Переговоры явно не задались. Ноги металлического уборщика сами собой крутанулись в противоположную сторону от погони, а его пятки засверкали в утренних лучах. За спиной тут же раздался громовой топот сапог и улюлюканье. Вспоров, словно плугом, мягкую ухоженную почву попавшегося на пути газона, искусственный гражданин миновал полотно дремлющей автострады и тут же шмыгнул в ближайшие переулки. В надежде на то, что силы преследователей скоро иссякнут, он принялся петлять меж тесно наставленных домов, а спустя миг…
«…Прошу прощения. Помеха. Помеха», – только и услышал Восемьдесят Второй, запнулся ступнями о неожиданное препятствие и полетел вверх тормашками прямо на изъеденный рытвинами наст подворотни.
На руки и нижнюю часть торса тут же навалилось нечто бранящееся и грузное.
– Держите! Держите крепче, чтобы не дергался, – захрипел, не в силах отдышаться, кто-то из обидчиков.
Номер одна тысяча девятьсот восемьдесят два попытался встать, но, получив увесистый удар по лбу, откинулся на землю. Раздался молотящий звук, а в воздухе поплыл густой запах аэрозольной краски.
– Вот тут… ещё тут, – посмеивались молодчики, желая подбодрить приятеля, что выводил загогулины на корпусе пойманного беглеца. – Ага… ага… То что надо.
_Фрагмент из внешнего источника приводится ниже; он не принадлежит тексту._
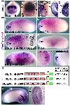 Supplemental Figure S2 (Adobe PDF) Fig. S2. The 462 bp enhancer of Xenopus FoxE3 and the orthologous mouse element drive indistinguishable PLE-specific expression in Xenopus embryos. (A) A representative transgenic embryo (stage 24) generated with a GFP reporter construct where the 462 bp Xenopus enhancer is directly linked to the FoxE3 basal promoter (−640 promoter used in Fig. 1E). (B) A representative transgenic embryo (stage 24) generated with a GFP reporter construct where the orthologous mouse element (423 bp) is directly linked to the FoxE3 basal promoter. Black arrows indicate GFP expression in the PLE detected by in situ hybridization. Numbers of embryos with GFP expression in the PLE and the total number of normally (or near normally) developing embryos injected with the constructs shown on the left are indicated on the right side with percentages of the GFP-positive cases. |
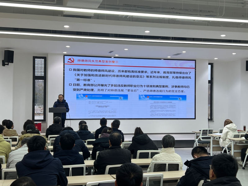 会上,太阳城赌场 院长赵轩首先带领全体教职工学习《习近平致全国优秀教师代表的信》,赵轩从心有大我、至诚报国的理想信念,言为士则、行为世范的道德情操,启智润心、因材施教的育人智慧等六个方面带领全体教工全面理解并学习领会习近平总书记赋予中国特有的教育家精神的崭新内涵,同时引导广大教师大力弘扬教育家精神,努力做“ 经师 ” 和“ 人师 ” 的统一者,号召广大教师追求“高线”。随后,赵轩结合师德违规问题,对照新时代教师职业行为十项准则,通告了近年来在课堂教学、师生关系、学术研究社会活动等方面发生的教师师德失范案例,警示广大教师要守住“底线”。
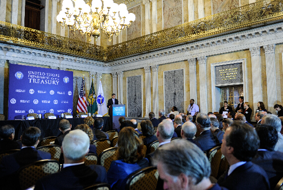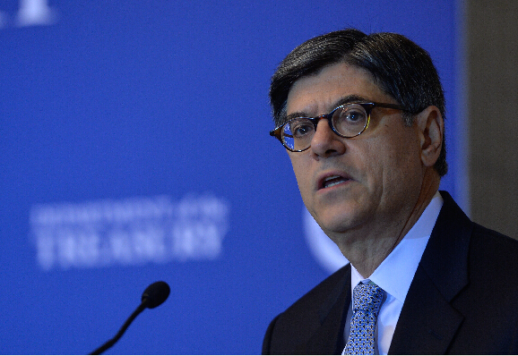 9月9日,在美国首都华盛顿,美国财政部长雅各布·卢在财政部和运输部举办的基础建设投资论坛上讲话。
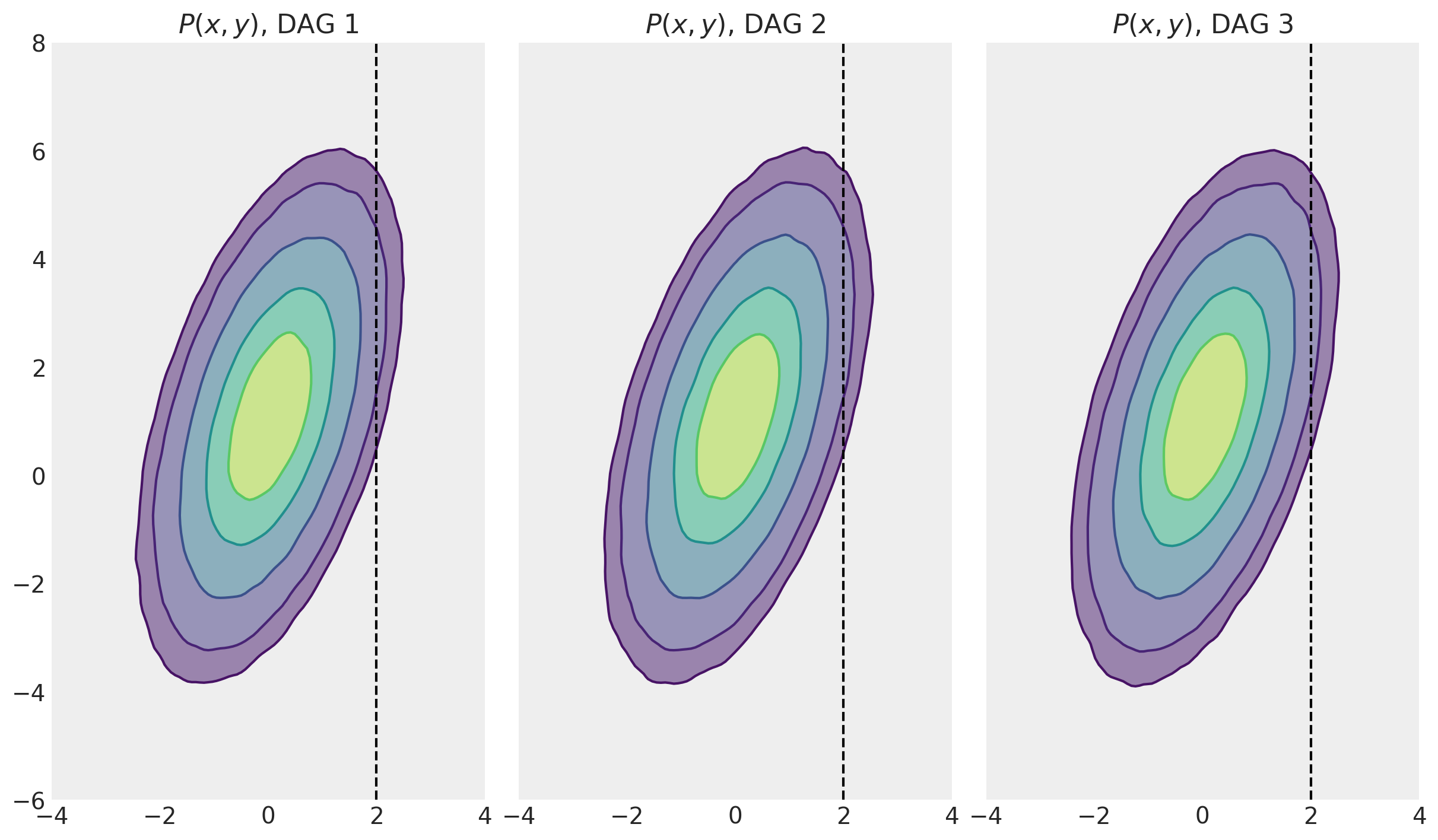 First, let’s take a look at the joint distributions for each of the DAGs to convince ourselves that these are actually the same.
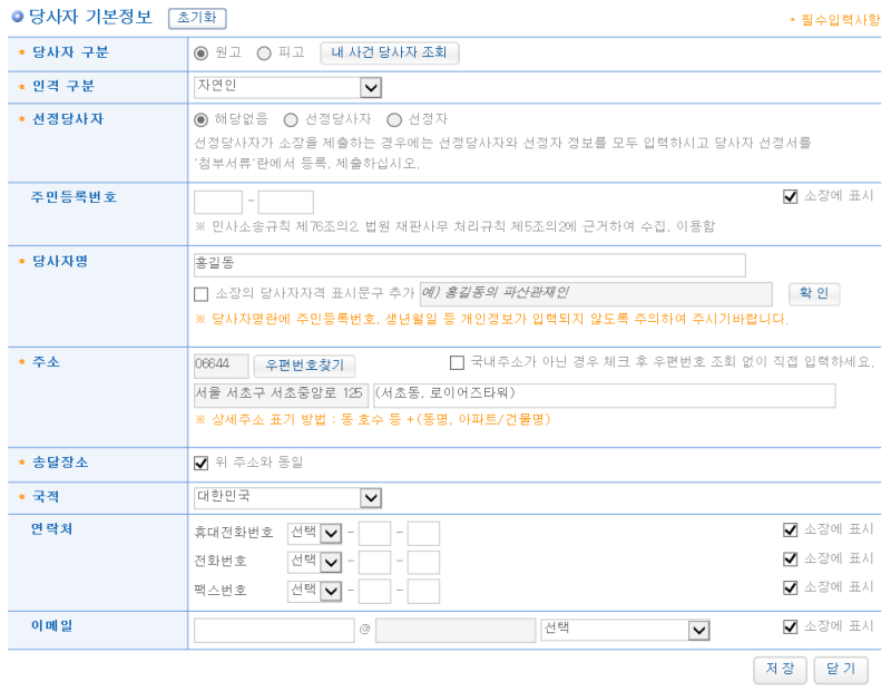 1) 원고 인적사항을 입력 후 저장
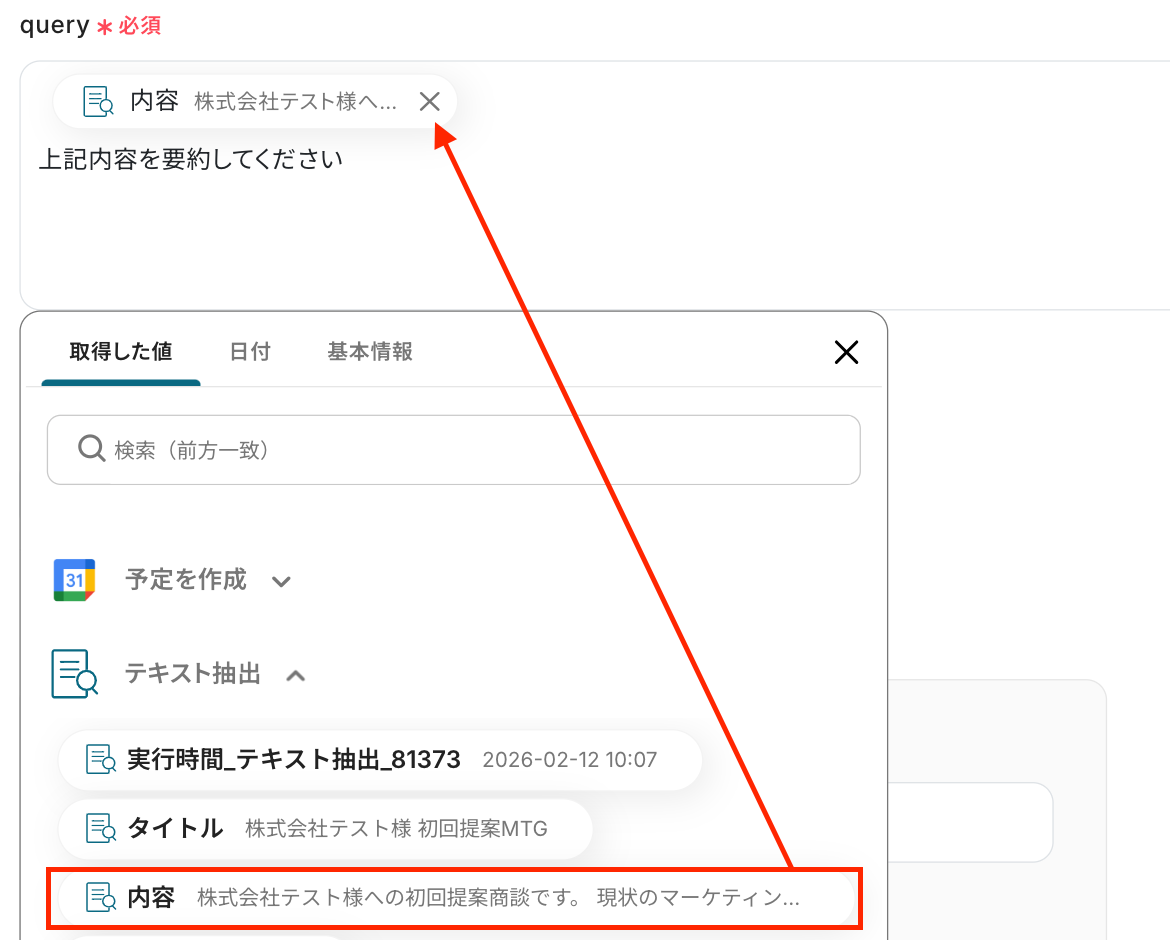 「query」は、テキスト抽出設定で取得した値を引用して設定します。
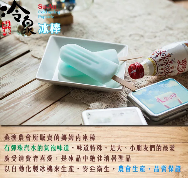 宜蘭蘇澳地區農會所販賣的冷泉冰品,味道香醇,廣受消費者喜愛,蘇澳地區農會表示,所有的冰品類完全採用蘇澳特有的冷泉來製作,將冷泉所殘留的有害礦物質過濾後,再交由製冰廠採用自動化製冰機來製冰,而所有人員進出皆需事先除塵,才能進入製作出密度高、口感佳的冰淇淋;非常特別,這麼多樣化的各式冰品,有機會前往宜蘭,可別忘了到蘇澳地區農會旁的蘇農冷泉冰品,來好好的品嘗品嘗這道地的冷泉冰棒,以及冰淇淋喔!
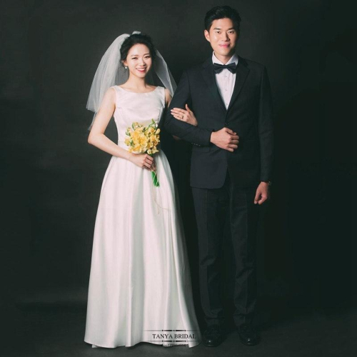 旗艦店緞面輕婚紗2023新款韓式新娘一字肩白色簡約齊地森系婚禮旅拍春季

Ха-ха-ха.
Наконец мужики ослабили хватку, выпрямились и, пнув напоследок дворника в бок, отправились восвояси. Дождавшись, когда те скроются за поворотом, искусственный гражданин сел и принялся осматривать конечности. Никаких серьезных повреждений, кроме налипшей грязи и пары новых царапин, не было, однако на груди красовался нелепый символ, напоминающий круг из двух половин с отверстием посередине, а немного выше виднелось короткое, но весьма неприличное слово с восклицательным знаком.
***
В течение следующих полутора суток дворник прозябал в вынужденном бездействии. Причиной столь тоскливого времяпрепровождения служил тот факт, что в «инструкциях по внештатным ситуациям для работников сферы оказания бытовых услуг» значились почти все мыслимые и даже на первый взгляд вздорные инциденты, которые с той или иной долей вероятности могли произойти в присутствии синтетиков или непосредственно с ними. А параграф о вандализме в отношении городской собственности занимал в этом регламенте пятьсот семьдесят первое место, стоял ровно посередине и строго обязывал служащего зафиксировать не только координаты события, но и составить подробный отчет о повреждениях инфраструктуры с непременной визуализацией, даже если никаких повреждений не имелось. Для передачи вышеупомянутого отчета номеру одна тысяча девятьсот восемьдесят два следовало незамедлительно явиться в ближайший центр контроля, пройти общий технический осмотр и дождаться формирования новых задач.
Так, провозившись со сбором данных и прочей обязательной бюрократической ерундой не менее часа, он отправился в местную мастерскую, которая по ряду нелепых случайностей прошлого и исполняла роль заявленного центра. Обветшалый, давно не работающий по назначению цех изготовления А.Р.Т.М. нарочито выпирал красным потрескавшимся кирпичом стен на фоне белесых небоскребов, точно волдырь, и своим низеньким двухэтажным росточком будто позорил соседние с ним здания.
Прежде чем ворота мастерской отворились, а в них появился заведующий и по совместительству единственная живая душа этого захолустья, несчастному дворнику пришлось ждать снова, а попытки донести до здешней начальствующей фигуры суть дела отняли ещё несколько десятков минут.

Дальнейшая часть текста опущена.